Isabella glared back. “Your claims about a shipwreck are impossible. You arrive alone in perfect health, you seduce my fiancée and lead him on that damn fool expedition, and now you have your claws into him. But not even that is enough, you harass and accuse my servant of things also!”
Talena glowered. “I have no interest in him except as the only person who’s been nice to me this whole time!” she shot back. It wasn’t entirely true, but in the heat of the moment that didn’t matter.
“Well mark my words…woman…when we get into port I will see that a very thorough investigation of you is performed.”
“Perform what you like, but I’ve not done anything wrong, except save your lover’s life!”

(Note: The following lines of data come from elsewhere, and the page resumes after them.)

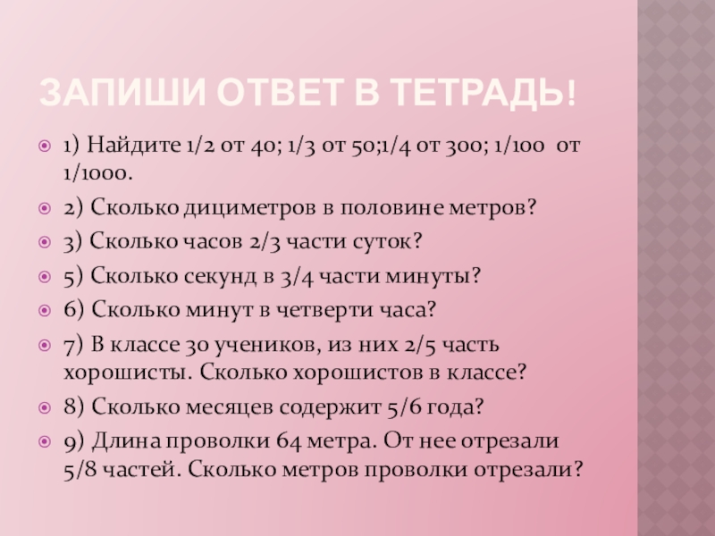 Запиши ответ в тетрадь!1) Найдите 1/2 от 40; 1/3 от 50;1/4 от 300; 1/100 от 1/1000.2) Сколько
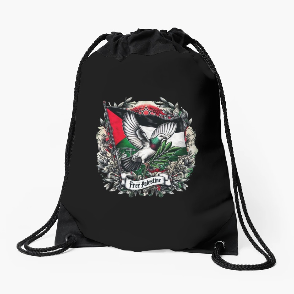 Buy eye-catching Pigeon holding olive's leaf free Palestine Flag Drawstring Bags or see more Drawstring Bags products at Printblur shop now to explore many surprises from our shop!
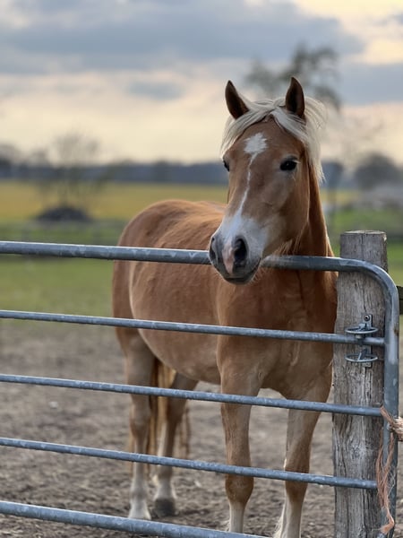 Zum Verkauf steht unsere aus eigener Zucht und Aufzucht stammende 3,5 Jahre alte Haflingerstute Ally. Geboren am 3.6.22 Ally ist eine aufgeschlossene, selbstbewusste Haflingerstute. Sie ist in einer kleinen Jungpferde-Herde aufgewachsen. Im Sommer stehen unsere Jungpferde 24/7 auf Weide. Sie ist ausgestattet mit guten Grundgangarten, ist langbeinig, mit 1,50/1,51m zur Zeit groß gewachsen, mit zur Größe passendem Fundament. Der ein oder andere Zentimeter wird sicher noch nach kommen. Altersbedingt ist sie natürlich kein Anfänger- oder Kinderpferd. Da sie relativ spät im Jahr geboren ist durfte sie letztes Jahr noch einmal die Sommerweide genießen. Nun ist sie soweit, dass sie neue Dinge erlernen darf. Was wir suchen, ist jemand, der diese Stute weiter professionell ausbildet/ausbilden lässt.… sie fachgerecht fordert und fördert, Spaß mit ihr hat und ihr ein schönes Ponyleben schenkt. Ab 1.6. geht sie in Profiberitt, dann steigt der Preis monatlich um 1000€. Zwischenverkauf vorbehalten. Besichtigung ist täglich nach Absprache möglich. AKU kann durch mitgebrachten Tierarzt durchgeführt werden.
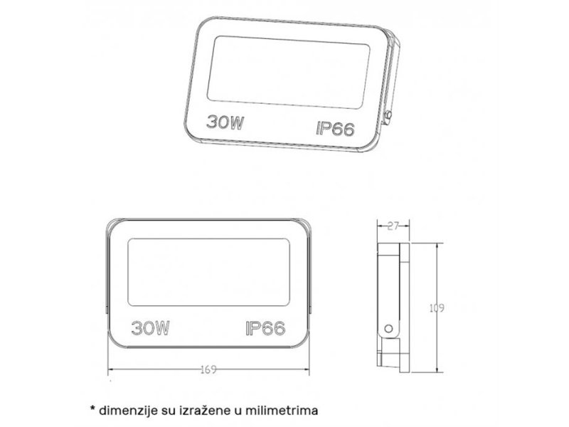 | Karakteristike | Model: GN-FL913-30W Nazivni napon: 185-265 V AC Nazivna snaga: 30 W Temperatura boje svetlosti: 3000 K - 4000 K - 6500 K Svetlosni fluks: 3000 lm Izvor svetlosti: LED Materijal: Aluminijum / Staklo Dimenzije: 169 x 109 x 27 mm Način montaže: Nadgradna Ugao rasipanja svetlosti: 110° Indeks reprodukcije boje (CRI): ≥80(Ra) Faktor snage (Pf): 0.9 Temperatura okruženja: -20°C do +40°C Prosečan radni vek: 25000 h Stepen električne zaštite: Klasa I IP zaštita: IP66 Potrošnja električne energije: 30 kWh / 1000h |
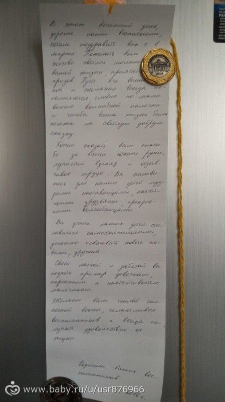 в общем, отчитываюсь. Спасибо огромное за ваши бесценные советы! Написала речь я на бумаге, свернула в трубочку. Буду зачитывать с листа. (на фото — магниты, к холодильнику прикрепляла разворот) Писать пришлось самой (но кое-что запомнила из ваших слов), инет как всегда не вовремя вырубился, т.е. в тот момент, когда я решила писать
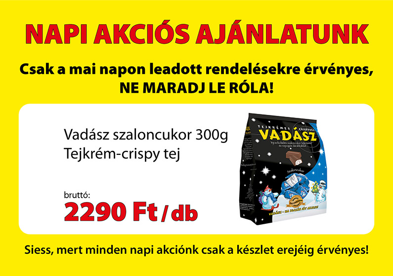 A gyors piaci változások miatt a termékek ára a hónap során sajnos változhat, kérjük rendeléskor tájékozódjanak az aktuális árakról webáruházunkban, vagy üzletkötőinknél. Regisztrált vevőink az oldalon mindig az aktuális bruttó árakat látják.
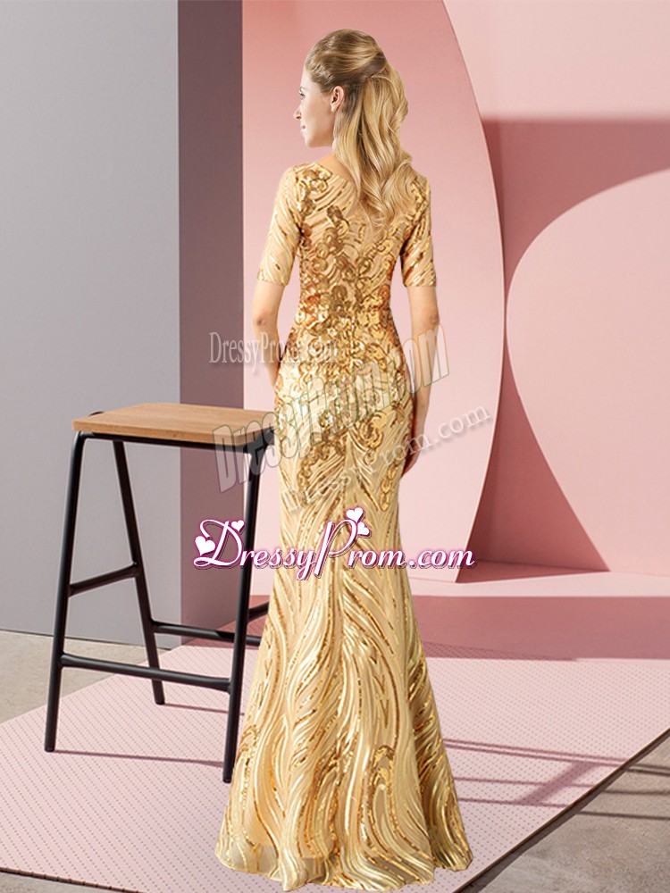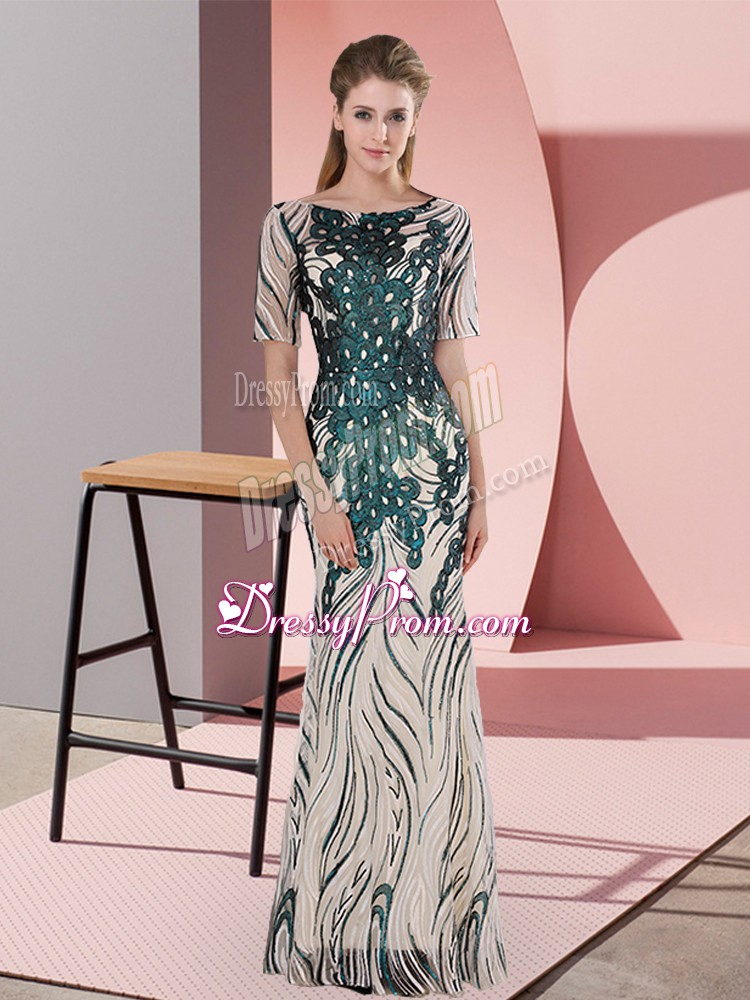 Neckline : ScoopShown Color : GreenSilhouette : MermaidSleeve Length : half sleevesHemline : floor lengthBack Detail : ZipperEmbellishment : SequinsOccasion : Prom,PartySeason : Spring,Summer,Fall,Winter
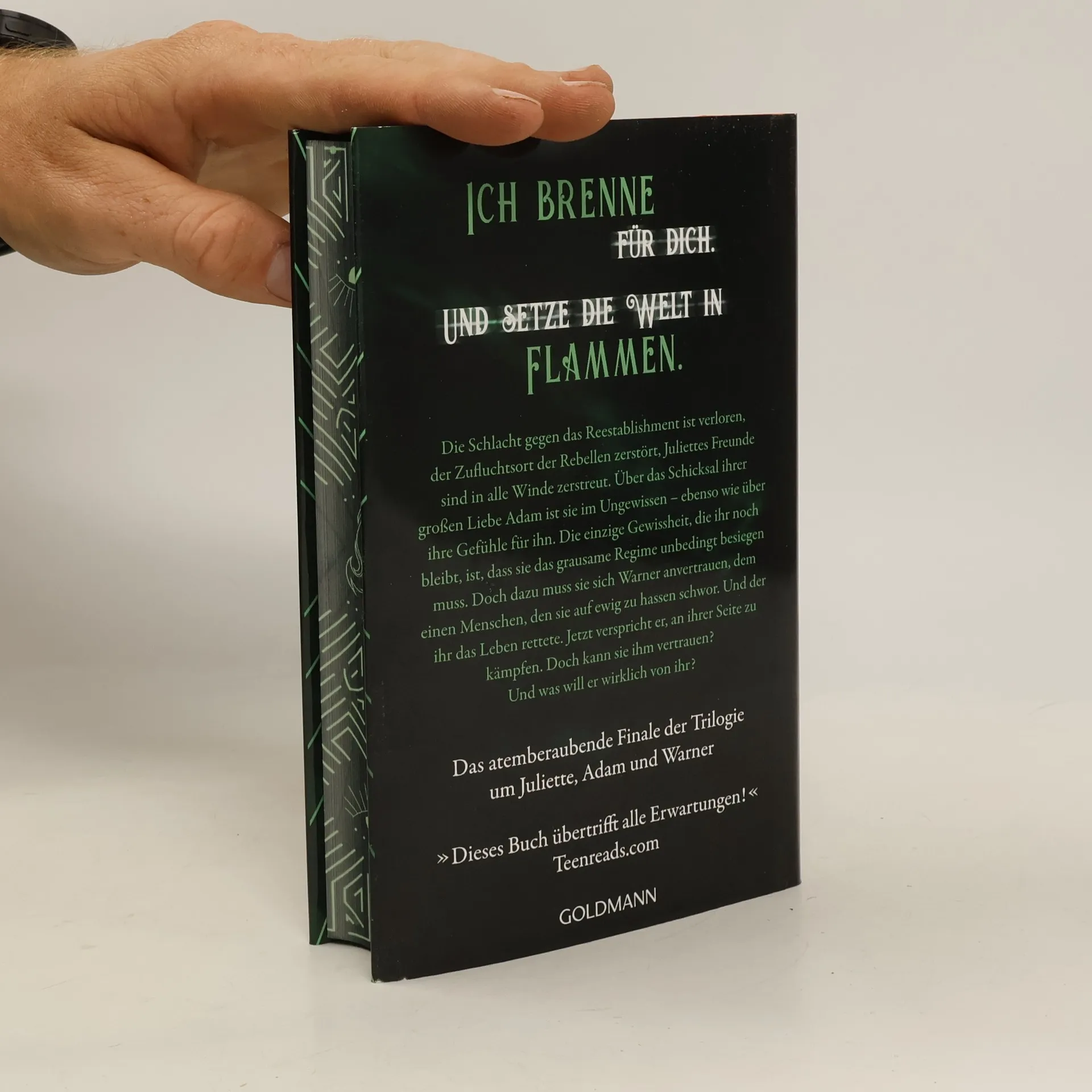 Die Schlacht gegen das Reestablishment ist verloren, der Zufluchtsort der Rebellen zerstört, Juliettes Freunde sind in alle Winde zerstreut. Über das Schicksal ihrer großen Liebe Adam ist Juliette im Ungewissen –– ebenso wie über ihre Gefühle für ihn. Die einzige Gewissheit, die sie noch hat: Sie muss das grausame Regime unbedingt besiegen! Doch dazu bleibt ihr nichts anderes übrig, als sich Warner anzuvertrauen, dem einen Menschen, den sie auf ewig zu hassen schwor. Und der ihr das Leben rettete. Jetzt verspricht er, an ihrer Seite zu kämpfen. Doch kann Juliette ihm vertrauen? Und was will er wirklich von ihr? Die TikTok Sensation – Mitreißende Young Adult Romantasy-Reihe mit Suchtfaktor für alle Fans von Leigh Bardugo, Sarah J. Maas und Victoria Aveyard. Dieses Buch ist bereits unter dem Titel „Ich brenne für dich“ erschienen.

“And for that you’re going to try and hold that over him forever? You are no Lady, you are no woman! You sicken me.” With that Isabella stalked past Talena.

Z21RenDress.jpg


Talena was left fuming to herself until Alava appeared. “The Countess was in quite a temper, I noticed.”
“And you assumed I had something to do with it?” Talena snapped.
“Did you?”
“As it turns out…yes,” she admitted.
“You are a most curious case. The things you told me, I still cannot believe them, yet I saw strange things. The Count, he too reports on your skills.” The Priest looked at her though, and there was a touch of remorse in his eyes. “Though you understand I must tell my superiors of you, and what you told me. They might well not take the tolerant view that I have.”
“I didn’t expect the Spanish Inquisition,” she said grimly. But I suppose that’s what you’re leading too, yes?”
Alava looked uncomfortable. “I am sorry, Talena, but it is what must happen.”
“I see. So now you are turning your back on me, are you? You think that it’s your duty to just abandon me to a pack of fanatics because I’m different? Some Christian you are.”
She could not have had more impact if she’d picked up a hammer and hit him. The Priest looked horrified.
“I am a Christian, Talena. I take my vows seriously, but I am also oath bound to serve the church. And you are what they would deem abnormal, heretical and worse. I will not accuse you, but I must seek guidance from my superiors.”
Talena leaned forward. “If you think I’m going to let anyone imprison or try and execute me again then think again. If you want to try and arrest me, or tell someone to do it then you better be prepared…I am not going to give myself up.”
“What must be will be…God ordains all things,” Alava said, and turned away sadly.